Here’s EMI’s press release:

LONDON and CUPERTINO, California – November 16, 2010 – Apple Corps, EMI and Apple® today announced that the Beatles, the most influential and beloved rock band in music history, are now available for the first time on the iTunes Store® (www.itunes.com). Starting today, the group’s 13 legendary remastered studio albums with iTunes LPs, the two-volume “Past Masters” compilation and the classic “Red” and “Blue” collections are available for purchase and download on iTunes® worldwide as either albums or individual songs. Fans can also get a special digital “Beatles Box Set” featuring the “Live at the Washington Coliseum, 1964″ concert film, a worldwide iTunes exclusive which captures the Beatles’ very first US concert.

“We’re really excited to bring the Beatles’ music to iTunes,” said Sir Paul McCartney. “It’s fantastic to see the songs we originally released on vinyl receive as much love in the digital world as they did the first time around.”

“I am particularly glad to no longer be asked when the Beatles are coming to iTunes,” said Ringo Starr. “At last, if you want it-you can get it now-The Beatles from Liverpool to now! Peace and Love, Ringo.”

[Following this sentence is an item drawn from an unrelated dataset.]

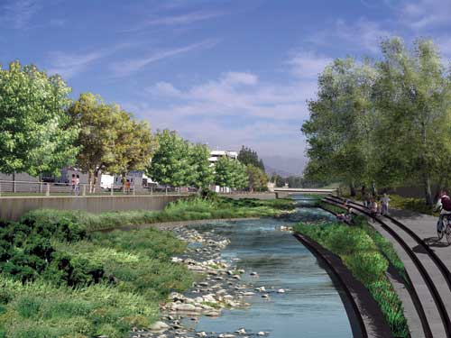 As part of the consulting team responsible for preparation of the Los Angeles River revitalization master plan, Wenk Associates led conceptual design elements along the river's edge for the 32-mile river corridor. The plan is to make the river corridor a green amenity, preserve or enhance flood control functions and natural elements, provide additional parks and open spaces, create a continuous greenway trail and provide opportunities for development to orient toward the river. The plan is a 25-50 year blueprint for comprehensive improvements. Most river reaches exhibit flow velocities too high to sustain vegetation. Maintaining flood capacity and slowing flows are necessary for ecosystem restoration and safe public access. Terraces, ramps, small pocket parks and ponded areas enhance public access. The long-range goal is to reintroduce vegetation to support birds and mammals, and ideally, restore steelhead trout habitat.

“We love the Beatles and are honored and thrilled to welcome them to iTunes,” said Steve Jobs, Apple’s CEO. “It has been a long and winding road to get here. Thanks to the Beatles and EMI, we are now realizing a dream we’ve had since we launched iTunes ten years ago.”

“In the joyful spirit of Give Peace A Chance, I think it is so appropriate that we are doing this on John’s 70th birthday year,” said Yoko Ono Lennon.

“The Beatles on iTunes-Bravo!” said Olivia Harrison.

“The Beatles and iTunes have both been true innovators in their fields,” said EMI Group CEO Roger Faxon. “It’s a privilege for everybody at EMI to work with Steve Jobs and with Apple Corps’ Jeff Jones and their teams in marking a great milestone in the development of digital music.”

Each of the Beatles’ 13 legendary remastered studio albums, including “Sgt. Pepper’s Lonely Hearts Club Band,” “Revolver,” “The Beatles [The White Album]” and “Abbey Road” include iTunes LPs, which create an immersive album experience with a beautiful design and expanded visual features including a unique mini-documentary about the creation of each album. The two-volume “Past Masters” compilation and the classic “Red” and “Blue” collections are also available.

Single albums are available for purchase and download for $12.99 each, double albums for $19.99 each and individual songs for $1.29 each.

The special digital “Beatles Box Set” ($149) contains the 13 remastered studio albums with iTunes LPs and all mini-documentaries, “Past Masters,” and the “Live at the Washington Coliseum, 1964″ concert film, a worldwide iTunes exclusive which captures the Beatles’ very first US concert in its entirety. In addition, Beatles fans can stream and view the “Live at the Washington Coliseum, 1964″ concert film from iTunes for free for the remainder of this calendar year.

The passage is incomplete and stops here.